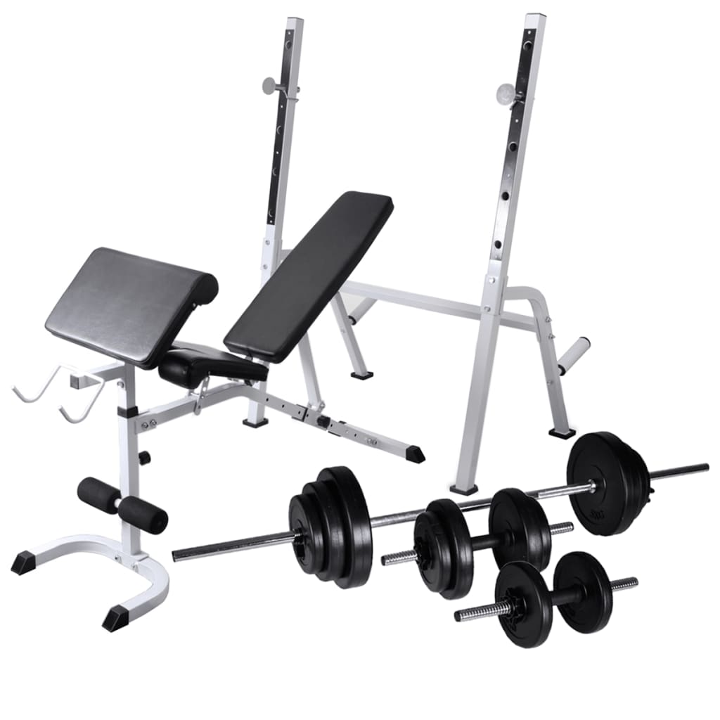 vidaXL Banc d'entraînement avec support de poids jeu d'haltères 30,5kg
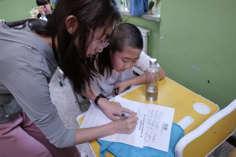 同时,为深入学习党的二十大精神,贯彻落实习近平总书记关于教育的重要论述和关于语言文化的重要指示批示精神,深入西部地区加大国家通用语言文字的推广力度,在艺术教学之外,志愿者老师们也开展了普通话的教学和宣传活动,通过玩游戏的方式带领同学们进行普通话的练习,助力当地员工普通话水平提升。课堂上,同学们朗诵传统的诗词,将中国优秀传统文化带入课堂,在学习普通话的过程中学习传统文化、感悟传统文化、弘扬传统文化。
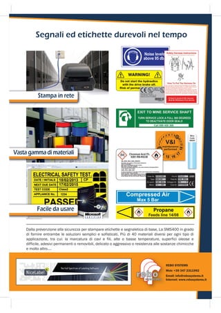 La SMS 400 è un sistema industriale per la stampa di etichette con risoluzione di 300 dpi, adatto a una vasta gamma di materiali e applicazioni. È dotato di software Nicelabel e può produrre etichette di dimensioni variabili, rendendolo ideale per dettagli di piccole dimensioni. Inoltre, offre soluzioni per le esigenze di marcatura, manutenzione e sicurezza.
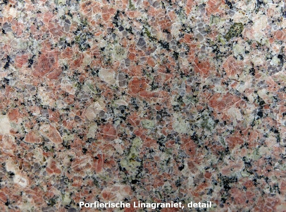 Porfierische Linagraniet - zwerfsteen van Klazienaveen (Dr.). Detail met hoog roze-rode kaliveldspaten en groenige plagioklaas.
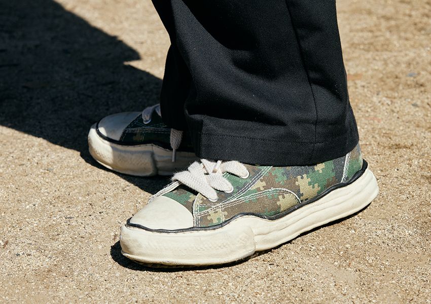 足元を支えるのは、ボリューミーなソールにパズル形のカモ柄が特徴的なスニーカー。メゾン ミハラヤスヒロと、知り合いのブランドだというピース アンド アフターのコラボ作が、全身ブラックの装いにリズムを生んでいる。
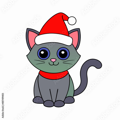 Winter cat in scarf and hat vector. Cute pet animal icon illustration. Kitten character in funny knitted wear for Christmas, New Year holiday greeting season card doodle design isolated on white background
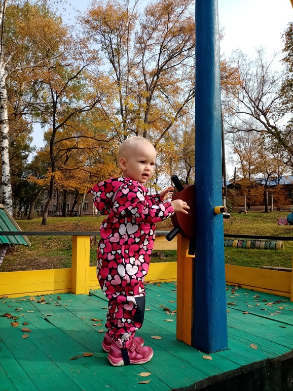 2.2, мальчик. Обожает всякие большие деревянные машины, у нас на площадке есть скорая помощь, цементовоз, автобус. И ещё длинная штука - поезд, с одной стороны горка, с другой ступеньки, а посередине подвесные элементы, на них очень нравится раскачиваться.
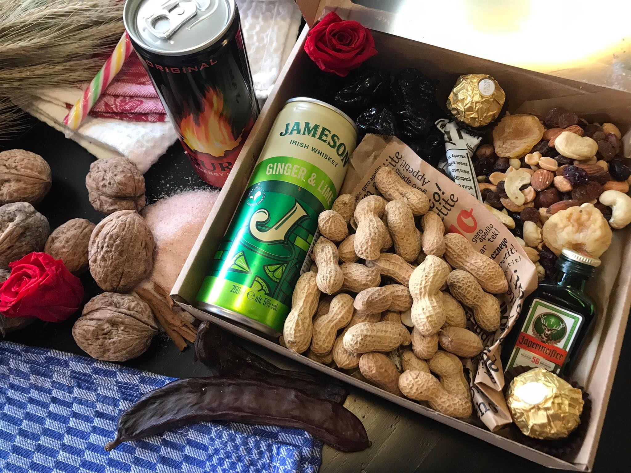 Kikiriki, bademi, indijski oraščič, suhe smokve, Jegermaister, Jameson ginger and lime, suhe šljive, Ferrero rocher
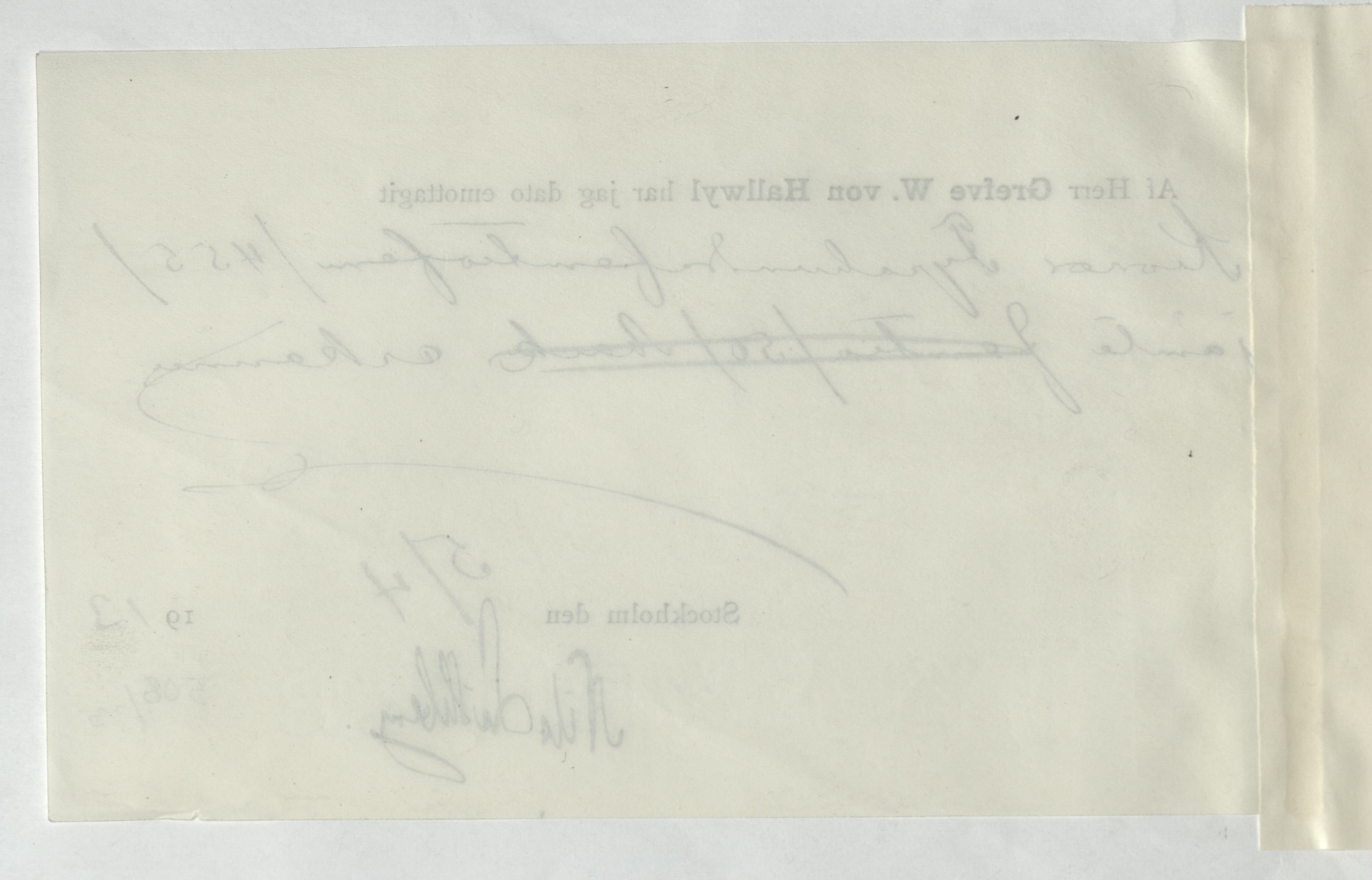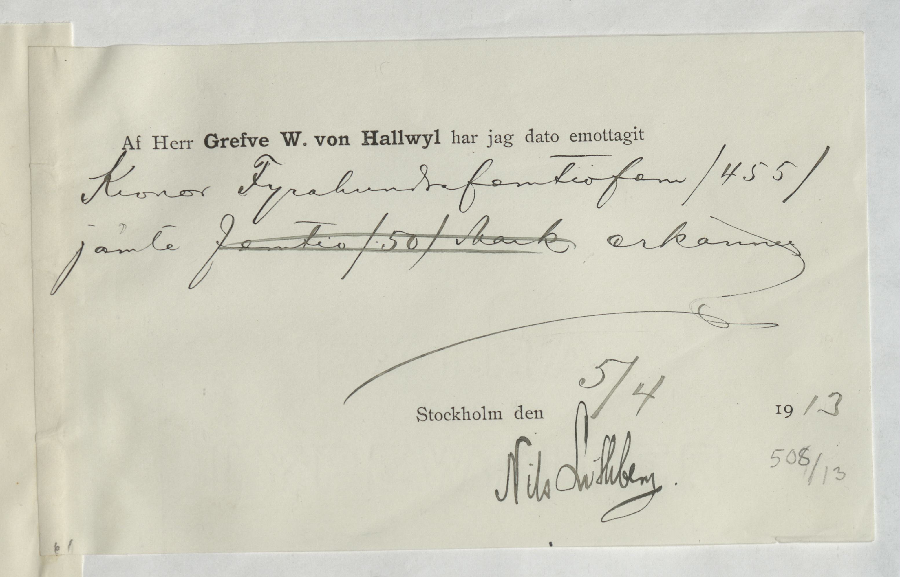 Kvitto gällande pengatransaktion mellan Walther von Hallwyl och Nils Lithberg. Stockholm, 1913.
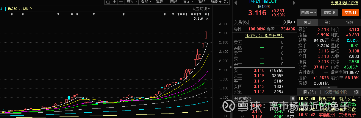 国投白银LOF:白银期货带动下,股价连续两日涨停,创出历史新高,目前溢价率高达55%,周一场内申购,现在卖出的套利者赢麻了,与此相似的还有黄金LOF(两者都限购,现在风险较大)
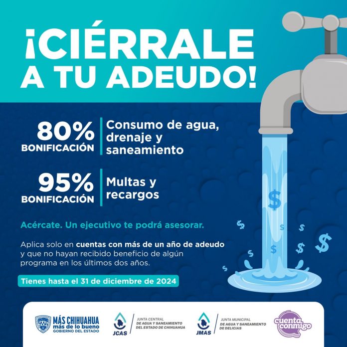 El titular de la Junta Municipal de Agua y Saneamiento de Delicias, Juan Carlos Velasco Ponce, precisó que este programa aplica en cuentas con más de un año de adeudo, y que no hayan aplicado para alguno otro por el mismo motivo.
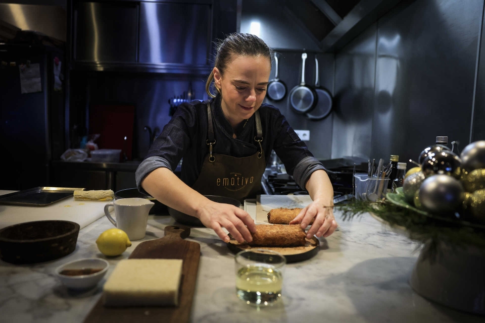 Sara Verde sugere “algo tradicional, de raiz, para seguir a linha do restaurante”. A chef abriu o Emotivo, no Porto, em 2020, ainda nos tempos muito incertos do primeiro desconfinamento da covid 19. Nem foi preciso coragem: “Já tinha tudo montado, o que é que ia fazer?”, lembra.
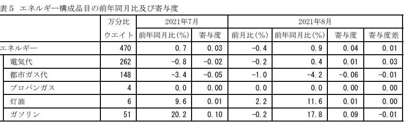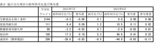 そのため、東京都区部8月分の消費者物価指数では、
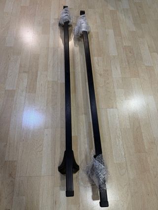 Barras de techo de la marca Cruz, ideales para transportar equipaje. - Incluye dos barras negras. - Juego de soportes de fijación. - Caja original.
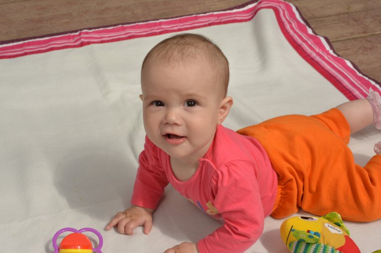 я ж с собой не совладаю! ... В общем, начинает ползти, пытается скоординировать руки и ноги и довольно ловко получается! Пока не считаю это полноценным ползанием, жду более четкого проявления))) Но уверена скоро-скоро)))

++++++++++

ABOUT THIS EXERCISE:
Between and including the line above that contains "同时,为深入学习党的二十大精" and the line that contains "国投白银LOF:白银期货带动", restate every line word for word. Pictures stay out.

REPLY TO THE EXERCISE:
 同时,为深入学习党的二十大精神,贯彻落实习近平总书记关于教育的重要论述和关于语言文化的重要指示批示精神,深入西部地区加大国家通用语言文字的推广力度,在艺术教学之外,志愿者老师们也开展了普通话的教学和宣传活动,通过玩游戏的方式带领同学们进行普通话的练习,助力当地员工普通话水平提升。课堂上,同学们朗诵传统的诗词,将中国优秀传统文化带入课堂,在学习普通话的过程中学习传统文化、感悟传统文化、弘扬传统文化。
 La SMS 400 è un sistema industriale per la stampa di etichette con risoluzione di 300 dpi, adatto a una vasta gamma di materiali e applicazioni. È dotato di software Nicelabel e può produrre etichette di dimensioni variabili, rendendolo ideale per dettagli di piccole dimensioni. Inoltre, offre soluzioni per le esigenze di marcatura, manutenzione e sicurezza.
 Porfierische Linagraniet - zwerfsteen van Klazienaveen (Dr.). Detail met hoog roze-rode kaliveldspaten en groenige plagioklaas.
 足元を支えるのは、ボリューミーなソールにパズル形のカモ柄が特徴的なスニーカー。メゾン ミハラヤスヒロと、知り合いのブランドだというピース アンド アフターのコラボ作が、全身ブラックの装いにリズムを生んでいる。
 Winter cat in scarf and hat vector. Cute pet animal icon illustration. Kitten character in funny knitted wear for Christmas, New Year holiday greeting season card doodle design isolated on white background
 2.2, мальчик. Обожает всякие большие деревянные машины, у нас на площадке есть скорая помощь, цементовоз, автобус. И ещё длинная штука - поезд, с одной стороны горка, с другой ступеньки, а посередине подвесные элементы, на них очень нравится раскачиваться.
 Kikiriki, bademi, indijski oraščič, suhe smokve, Jegermaister, Jameson ginger and lime, suhe šljive, Ferrero rocher
 Kvitto gällande pengatransaktion mellan Walther von Hallwyl och Nils Lithberg. Stockholm, 1913.
 国投白银LOF:白银期货带动下,股价连续两日涨停,创出历史新高,目前溢价率高达55%,周一场内申购,现在卖出的套利者赢麻了,与此相似的还有黄金LOF(两者都限购,现在风险较大)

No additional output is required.